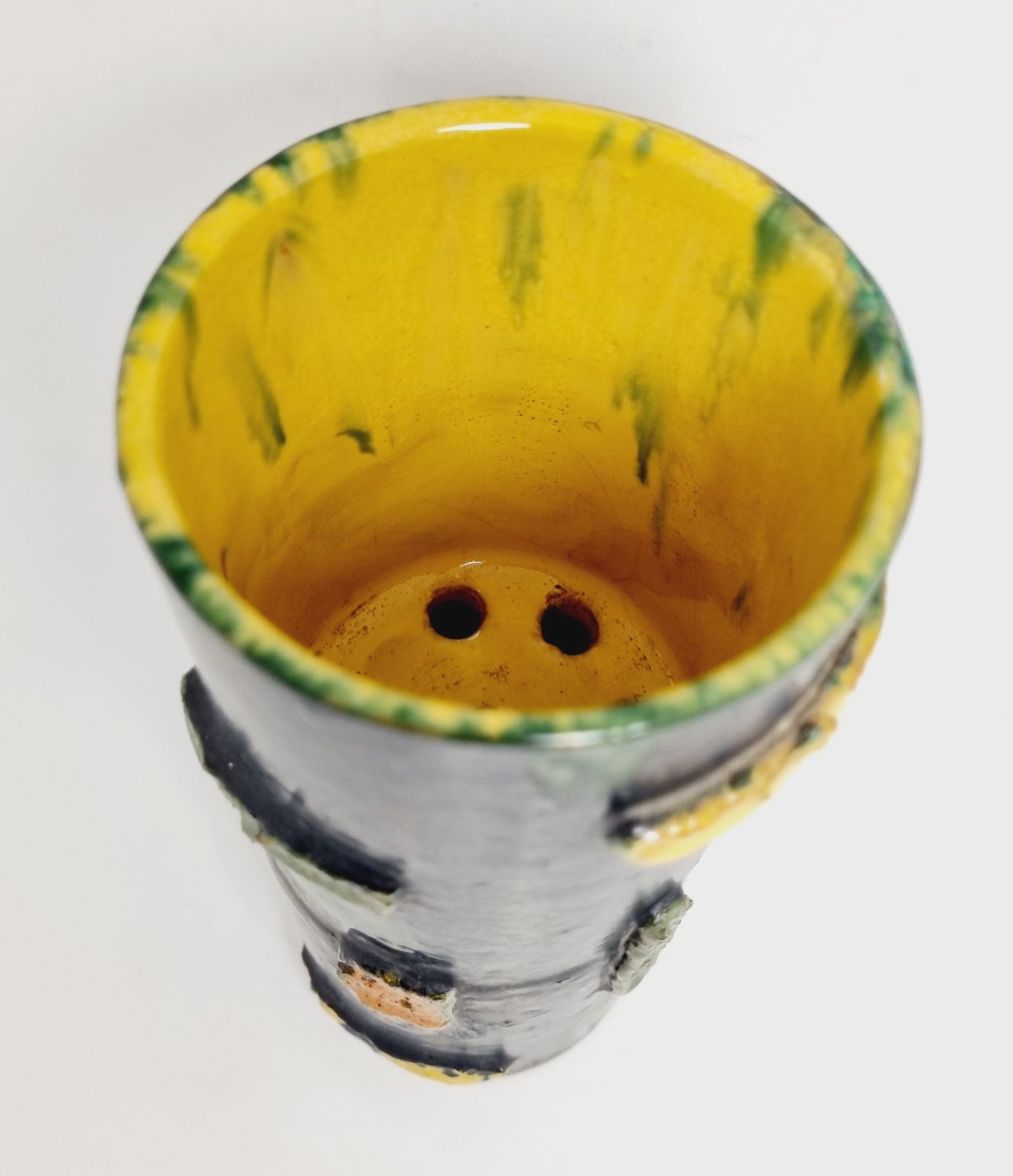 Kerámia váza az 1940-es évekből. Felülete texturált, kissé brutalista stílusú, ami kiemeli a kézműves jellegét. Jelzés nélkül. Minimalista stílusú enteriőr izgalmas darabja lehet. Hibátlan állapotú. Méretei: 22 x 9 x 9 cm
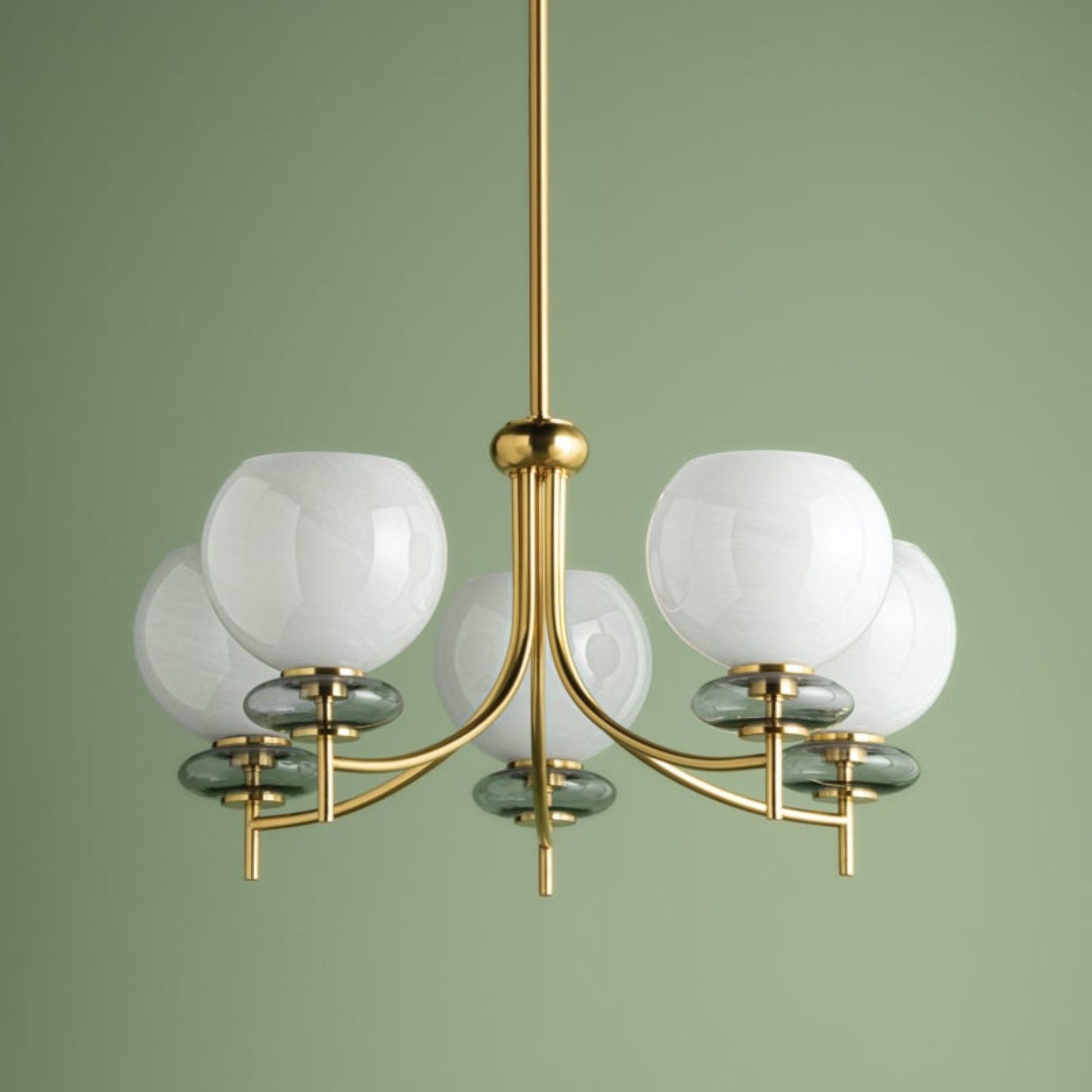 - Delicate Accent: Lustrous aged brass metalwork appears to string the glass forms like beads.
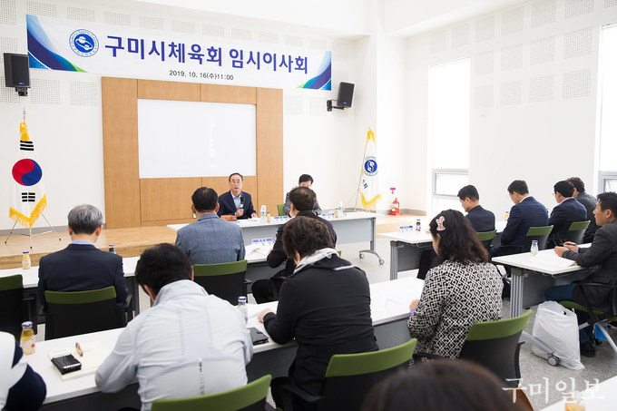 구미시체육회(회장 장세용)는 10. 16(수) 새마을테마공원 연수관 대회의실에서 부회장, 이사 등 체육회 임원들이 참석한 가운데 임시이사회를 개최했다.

§ **Directions**
The listing above should be transcribed word for word, with its pictures left out.

§ **Response box**
 Kerámia váza az 1940-es évekből. Felülete texturált, kissé brutalista stílusú, ami kiemeli a kézműves jellegét. Jelzés nélkül. Minimalista stílusú enteriőr izgalmas darabja lehet. Hibátlan állapotú. Méretei: 22 x 9 x 9 cm
 - Delicate Accent: Lustrous aged brass metalwork appears to string the glass forms like beads.
 구미시체육회(회장 장세용)는 10. 16(수) 새마을테마공원 연수관 대회의실에서 부회장, 이사 등 체육회 임원들이 참석한 가운데 임시이사회를 개최했다.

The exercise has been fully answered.